SUPPLIED MATERIAL Block Start

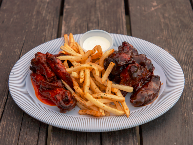 Ricas alitas marinadas en salsa especial, bañadas en deliciosa salsa a elegir, acompañadas de papas a la francesa.
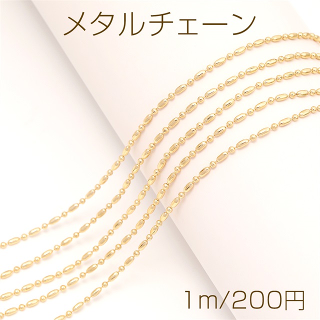 メタルチェーン ロングボールチェーン ネックレスチェーン アクセサリーチェーン 色落ちしにくい 銅製 18Kゴールドメッキ(長さ1m)
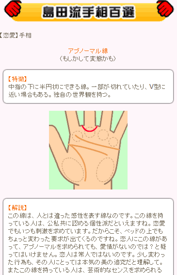このアプリでは、そんな独特な手相を100種以上盛り込み、

SUPPLIED MATERIAL Block End

- ABOUT THIS EXERCISE: From the line containing "メタルチェーン ロングボールチェーン ネックレスチェーン" through the last line of the data above, write out every line word for word, and nothing else. Do not include the pictures.

- RESPONSE BELOW:
 メタルチェーン ロングボールチェーン ネックレスチェーン アクセサリーチェーン 色落ちしにくい 銅製 18Kゴールドメッキ(長さ1m)
このアプリでは、そんな独特な手相を100種以上盛り込み、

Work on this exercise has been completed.